私たちの感情や感覚が何かと比較してしか評価を決められないことは次の例でわかります。

まず氷がたくさん入った冷たいバケツと、皮膚が赤くなるぐらい熱いお湯が入った熱いバケツと、ちょうどいいぬるま湯のバケツの3つを用意します。

そして右手を冷たいバケツの中に、左手を熱いバケツの中につっこみ2分間我慢します。

その後、両手をぬるま湯に浸けたときを想像してみてください。

お湯の温度は同じなのにそれぞれの手で感じ方が違います。右手は熱いと感じるのに対し、左手はぬるいと感じます

真冬にある程度暖房の効いた家の中にいて「寒い」と感じていてもいったん外にでてしばらくしてから帰ってくると「温かい」と感じるのと同じです。

家の中の温度が変化したわけではありません。家の外という対比する対象ができたからです。

このように人は何と比較するかで感情や感覚が大きく変わる生き物です。


ビジネスへの応用

私たちが持つコントラストの原理はモノを売るビジネスにとってとても強力な効果を発揮します。

高価なものから紹介する

お客さんの財布の紐を緩めてより多くのモノを売るための方法は「高価なモノから勧める」です。

紳士服売り場では高級なスーツや、チープなスーツ、ネクタイや靴などの小物を扱っています。

この紳士服売り場でたくさんモノを売るためにはどうするといいでしょうか?人の特性をよく理解した販売員はお客さんに勧める商品の順番をとても気にします

勧めるときは価格の高い高級なスーツから始めます。そこで値札をしっかりと意識させます。

相手が高いと感じているようであればもう少し安いスーツを勧めます。

仮に、最初に勧められたスーツが10万円、次に勧められたスーツが3万円だとしたら、お客さんはコントラストの原理により2つ目のスーツは「安い」と感じます

3万円のスーツを買うことが決まったあとは、靴やネクタイを勧めます。それぞれの値段はスーツよりも安価なので、より購入しやすくなります。

point

一番高いものから紹介すると、お客さんの財布の紐がもっとも緩む。


魅力の無いものから紹介する

何かを売る時は高いものから勧める以外にも「魅力のないものから勧める」方法もあります。

ある不動産のトップセールスマンはお客に不動産を紹介するときに、リストの中にあえて魅力的でないボロい不動産を複数混ぜ込んでおきます。そしてその商品から紹介します

最初にその不動産を見せられたお客さんの印象は「ボロい、汚い」です。

次にお客さんを本当に売りたい物件に連れていきます。
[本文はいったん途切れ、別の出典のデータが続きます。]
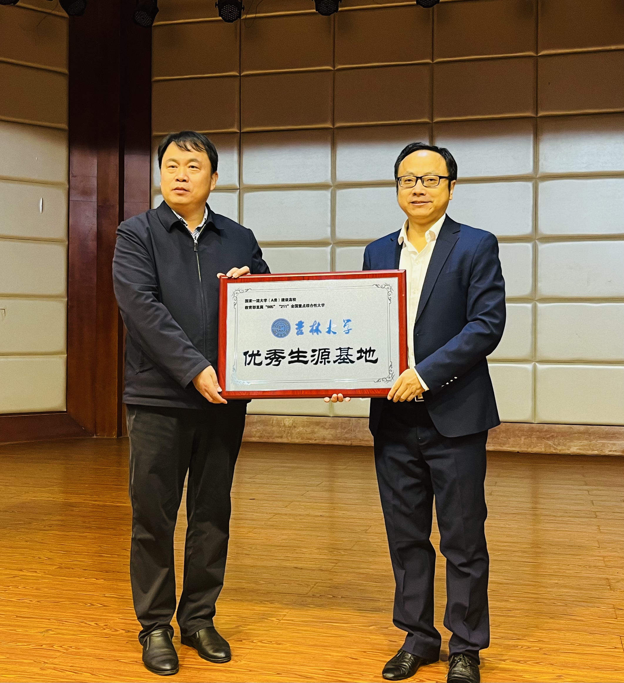 优秀生源基地牌匾。

すると「きれい!素敵!」といって目を輝かせます

これはお客さんが最初に見せられたボロい物件と後から見せられた物件を比較して評価を行っているためです。

コントラストの原理を上手に使った商法です。

point

最初に魅力的でない商品をいくつか見せておくと、本当に売りたい商品をみせたときにお客さんがとびつく。


価格の表示を工夫する

コントラストの原理を利用するには、価格の表示方法もとても重要です。

商品の値引きをするときにやってはいけないことは、元の値段を表示せず、値引き後の値段だけを表示することです。これではお客さんにお得感がまったく伝わりません。
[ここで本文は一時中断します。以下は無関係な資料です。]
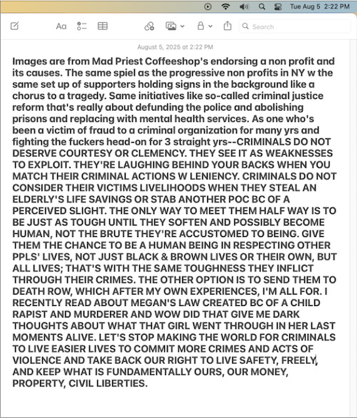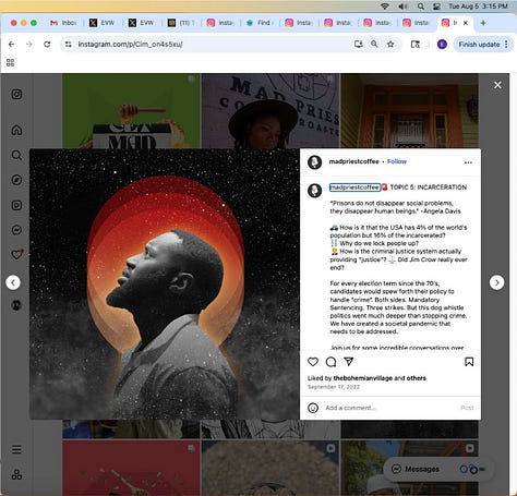 Screenshots above: Screenshots are from the non profit endorsed by Mad Priest coffeeshop. “Black History is everyday”, according to the criminals, which translates as they come first and foremost in our lives; they are #1 priority before our friends, family and our own wants/needs. Harvard Law School, a Saturday tour on black history/culture. Criminal Justice reform, one of the criminals' top initiatives in making society accommodate them, which so far, at least in NY, they've done a great job! Recidivism is out of control here and felons live better lives than I do.

必ず、もとの値段が見えるようにして、その上で、割引した値段を表示することが重要です。

また、寄付を依頼するときは「1000円寄付してください」とだけ記載しても効果が薄くなります。

次のようにいくつかの選択肢を設けると、より多額の寄付金を得ることができます。

寄付金の選択肢
  • 10,000円
  • 1,000円
  • 3,000円
  • 5,000円
  • _____円(自由入力)

ポイント2つあります。

  1. 本当に欲しい1000円よりももっと高い金額をあえて載せておく
  2. 自由入力の上に5000円を記載する

こうすることで、基本的には1000円以上の額が集まります。1000円払った人も最も少ない選択肢を選んだことになります。

更に、5000円の下に自由入力欄を作ったことにより、自分が記入する金額を5000円と比較することになるため、1000円以下といった小さな金額は少なすぎるという印象を十分に与えることができます。


マーケティングの失敗例

コントラストの原理はもちろん逆パターンでも働きます。

つまり、最初に安いものを色々と見ると、その後に価格の高いものを見たときに「高い!」と感じます。

最初に状態が良いものをたくさん見た後に、悪いものを見せられると「汚い!ボロい!」と感じます。

人に働くコントラストの原理を理解していないことで失敗した例があります。

ある航空会社はオーバーブッキングにより座席の払い戻しをせざるを得なくなりました。そこで待合室にいる人たちに向かって、座席のチケットを高額なサービス券と引き換えるアナウンスが流れました。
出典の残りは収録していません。